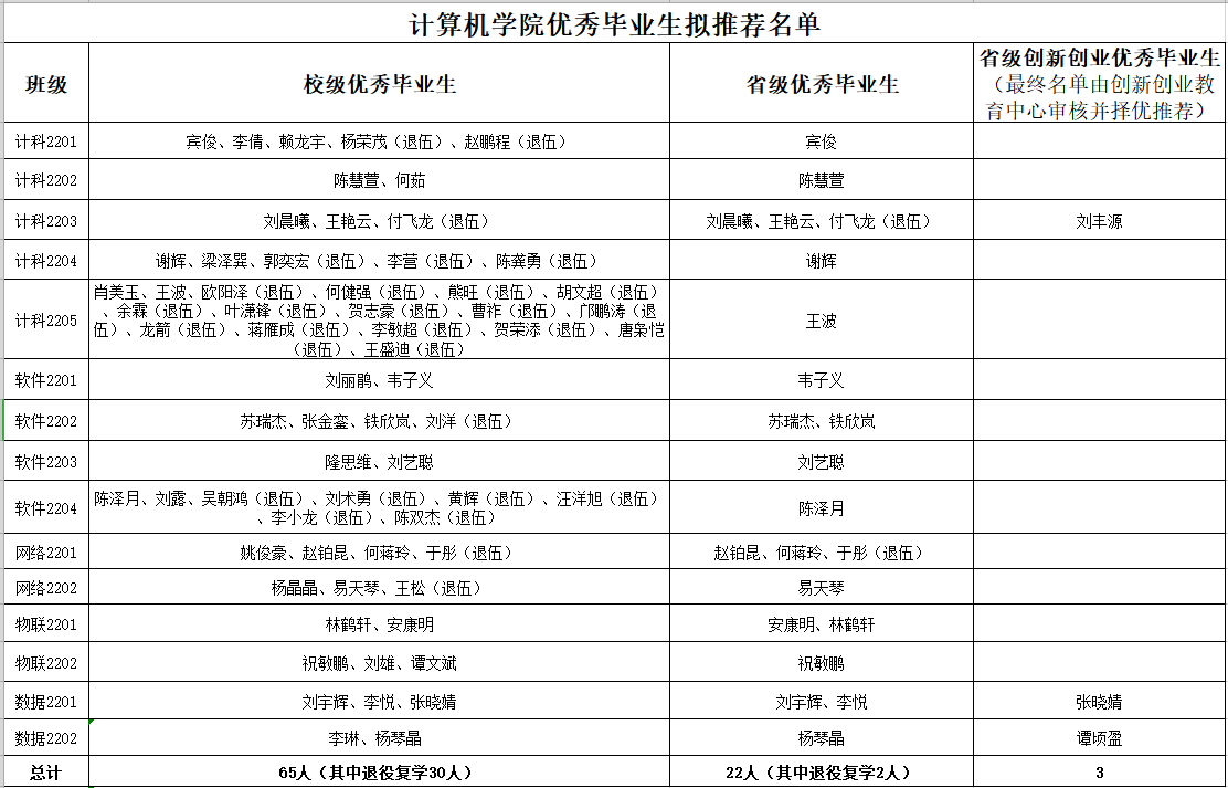 根据湖南省教育厅《关于评选2026届湖南省普通高等学校优秀毕业生和创新创业优秀毕业生的通知》(湘办通〔2026〕41号)文件精神和《best365唯一官方网站学生奖励办法》(湖工学〔2025〕3号),按照best365唯一官方网站发布的《关于开展2026届优秀毕业生和创新创业优秀毕业生评选工作的通知》具体要求,经学生个人申请、班级民主讨论、班主任和辅导员提出推荐对象名单、学院党委初审、学院党政联席会议讨论通过,现拟推荐宾俊等65名同学(含30名退役复学同学)为2026届校级优秀毕业生,宾俊等22名同学(含2名退役复学同学)为2026届省级优秀毕业生,张晓婧等3名同学为2026届省级创新创业优秀毕业生。现公示如下。
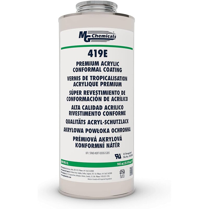 Premium Acrylic Conformal Coating 419E is a 1-part, UL 746E certified, acrylic conformal coating. It cures to a durable, flexible and smooth finish. It is easy to apply and can be handled in 15 minutes. It may be removed with appropriate strippers, or soldered through for repair or rework. 419E creates a robust moisture barrier that protects printed circuit boards in humid environments. It provides strong protection against moisture, corrosion, fungus, dirt, dust, thermal shock, short circuits, high-voltage arcing, and static discharge.
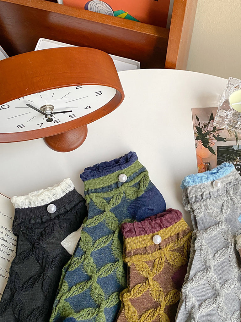 5 Paar Damen Artsy Rhomboids Colorblock Baumwollsocken
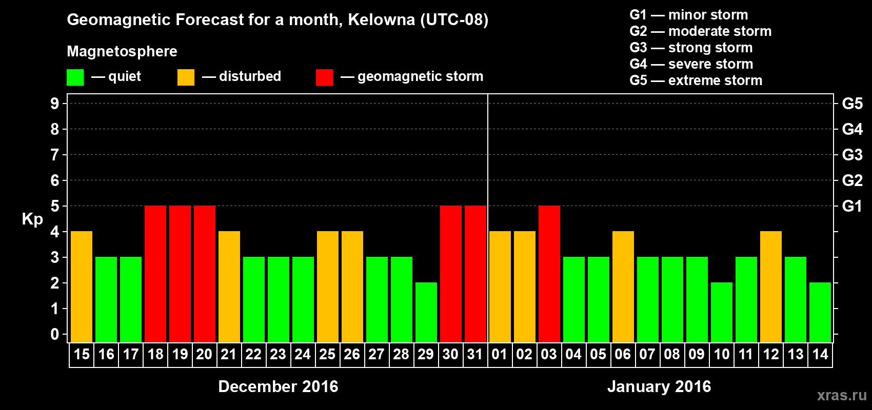 Geomagnetic storm forecast in Kelowna for Dec 15, 2015
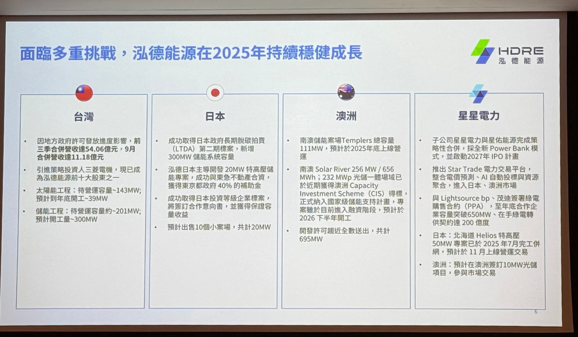 周仕昌分享,全球市場方面,日本持續聚焦儲能項目開發,泓德能源預計 2028 年完成建置 3.4GW,其中與 Brawn Capital 共同開發的北海道 Helios 特高壓 50MW 儲能案場已在今年 7 月完工併網,預計 11 月啟動營運,並投入電力交易。
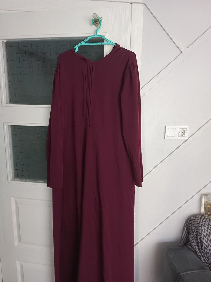Bordo renk, yüksek yakalı, uzun kollu ve drapeli tasarımlı, bol kesim kadın uzun elbise. Yumuşak sentetik kumaştan üretilmiştir.
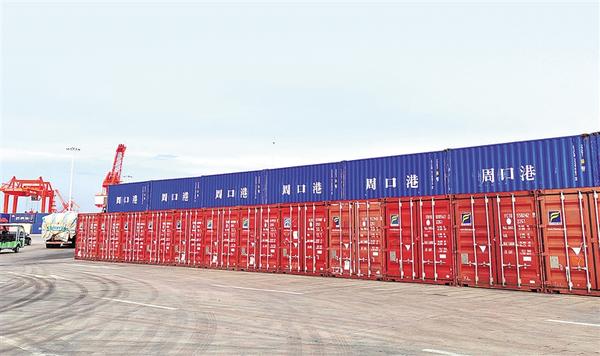 周口港范营作业区集装箱码头。
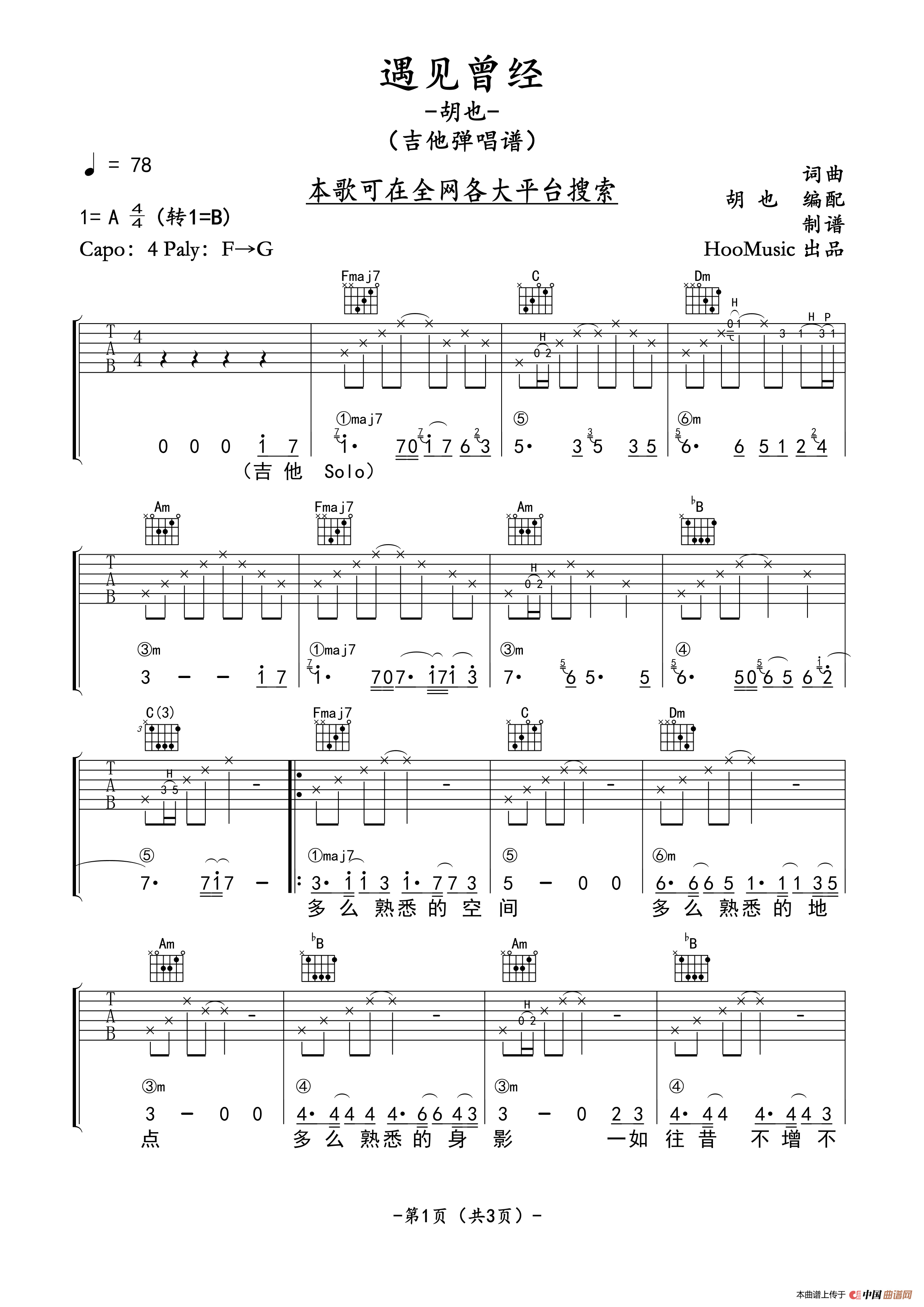 关于《遇见曾经》曲谱的评论
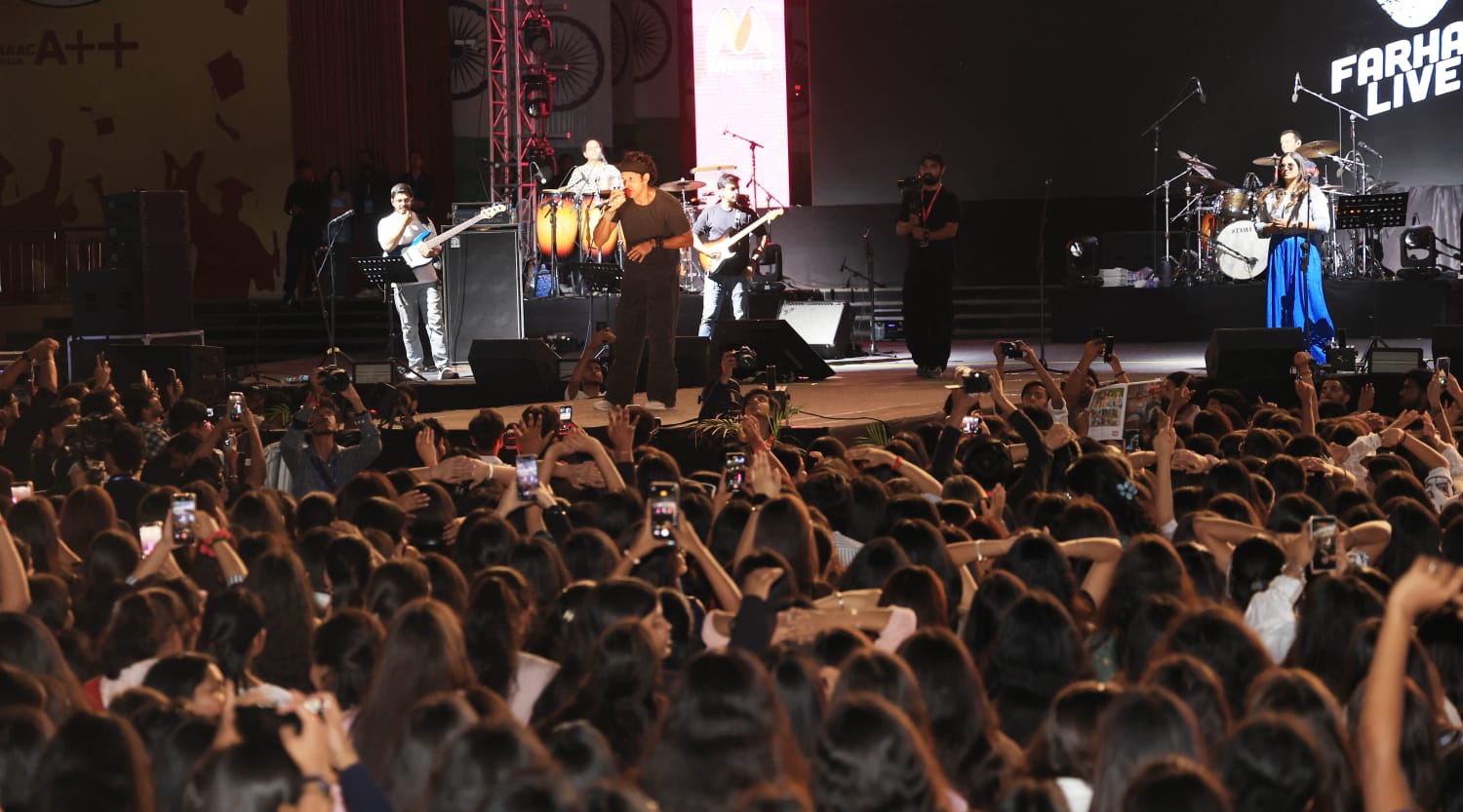 मिंत्रा ग्लेमफेस्ट टूर के हिस्से के तौर पर परफॉर्मेंस देते हुए, फरहान अख्तर ने अपनी ज़बरदस्त मौजूदगी और दिल को छू लेने वाली आवाज़ से स्टेज पर समां बांध दिया। जब उन्होंने ‘रॉक ओन’, ‘अतरंगी यारी’, ‘सेनोरिटा’ और ‘दिल धड़कने दो’ जैसे चार्टबस्टर गाने गाए, तो स्टूडेंस खुशी से झूम उठे। पूरा कैंपस संगीत के एक जीवंत सागर में बदल गया, जहाँ स्टूडेंट्स उनके साथ गा रहे थे, पूरे जोश के साथ नाच रहे थे और अपनी फ्लैशलाइट्स लहरा रहे थे, जिससे वहाँ का माहौल बेहद शानदार हो गया था।
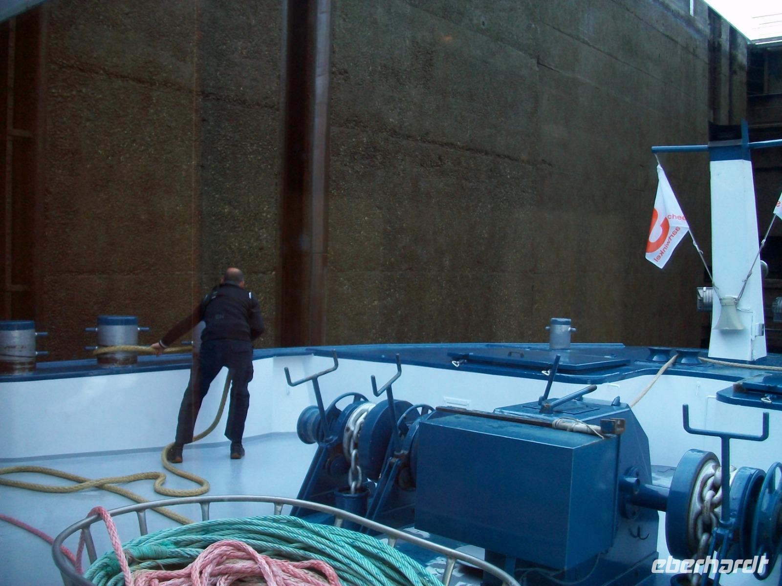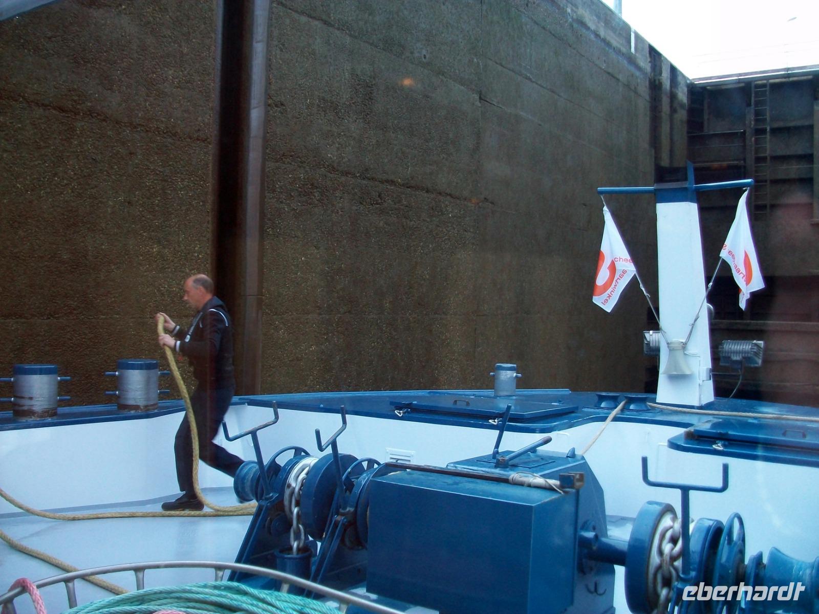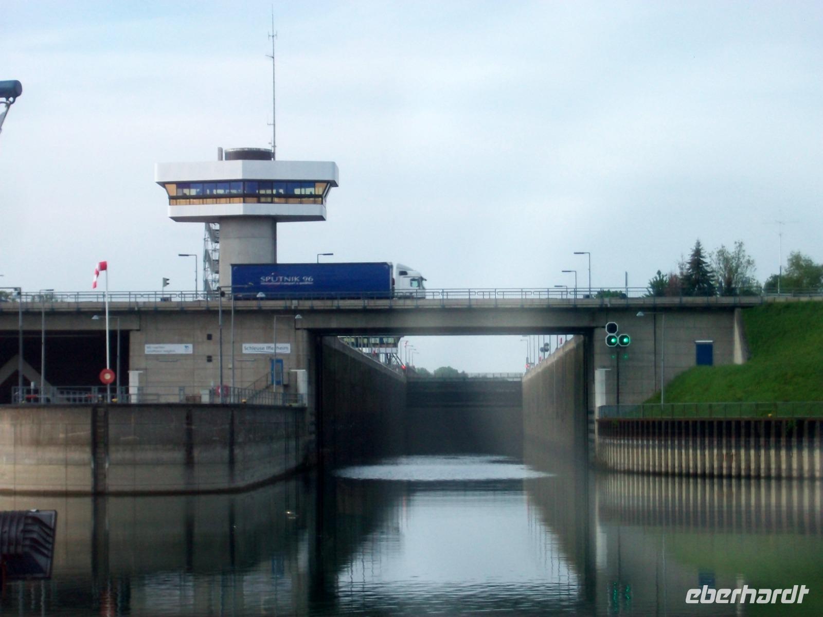 8.5.2019. Über Nacht passierten wir zahlreiche Schleusen; mitunter mussten wir uns anstellen, denn wir waren nicht das einzige Schiff auf dem Rhein, der Fluss ist schließlich eine wichtige Wasserstraße für den Warenverkehr.
________
What is needed
Write out each line again, exactly as it appears above, except for any picture.

Solution to this problem
 根据湖南省教育厅《关于评选2026届湖南省普通高等学校优秀毕业生和创新创业优秀毕业生的通知》(湘办通〔2026〕41号)文件精神和《best365唯一官方网站学生奖励办法》(湖工学〔2025〕3号),按照best365唯一官方网站发布的《关于开展2026届优秀毕业生和创新创业优秀毕业生评选工作的通知》具体要求,经学生个人申请、班级民主讨论、班主任和辅导员提出推荐对象名单、学院党委初审、学院党政联席会议讨论通过,现拟推荐宾俊等65名同学(含30名退役复学同学)为2026届校级优秀毕业生,宾俊等22名同学(含2名退役复学同学)为2026届省级优秀毕业生,张晓婧等3名同学为2026届省级创新创业优秀毕业生。现公示如下。
 Premium Acrylic Conformal Coating 419E is a 1-part, UL 746E certified, acrylic conformal coating. It cures to a durable, flexible and smooth finish. It is easy to apply and can be handled in 15 minutes. It may be removed with appropriate strippers, or soldered through for repair or rework. 419E creates a robust moisture barrier that protects printed circuit boards in humid environments. It provides strong protection against moisture, corrosion, fungus, dirt, dust, thermal shock, short circuits, high-voltage arcing, and static discharge.
 5 Paar Damen Artsy Rhomboids Colorblock Baumwollsocken
 Geomagnetic storm forecast in Kelowna for Dec 15, 2015
 周仕昌分享,全球市場方面,日本持續聚焦儲能項目開發,泓德能源預計 2028 年完成建置 3.4GW,其中與 Brawn Capital 共同開發的北海道 Helios 特高壓 50MW 儲能案場已在今年 7 月完工併網,預計 11 月啟動營運,並投入電力交易。
Bordo renk, yüksek yakalı, uzun kollu ve drapeli tasarımlı, bol kesim kadın uzun elbise. Yumuşak sentetik kumaştan üretilmiştir.
 周口港范营作业区集装箱码头。
 关于《遇见曾经》曲谱的评论
 मिंत्रा ग्लेमफेस्ट टूर के हिस्से के तौर पर परफॉर्मेंस देते हुए, फरहान अख्तर ने अपनी ज़बरदस्त मौजूदगी और दिल को छू लेने वाली आवाज़ से स्टेज पर समां बांध दिया। जब उन्होंने ‘रॉक ओन’, ‘अतरंगी यारी’, ‘सेनोरिटा’ और ‘दिल धड़कने दो’ जैसे चार्टबस्टर गाने गाए, तो स्टूडेंस खुशी से झूम उठे। पूरा कैंपस संगीत के एक जीवंत सागर में बदल गया, जहाँ स्टूडेंट्स उनके साथ गा रहे थे, पूरे जोश के साथ नाच रहे थे और अपनी फ्लैशलाइट्स लहरा रहे थे, जिससे वहाँ का माहौल बेहद शानदार हो गया था।
 8.5.2019. Über Nacht passierten wir zahlreiche Schleusen; mitunter mussten wir uns anstellen, denn wir waren nicht das einzige Schiff auf dem Rhein, der Fluss ist schließlich eine wichtige Wasserstraße für den Warenverkehr.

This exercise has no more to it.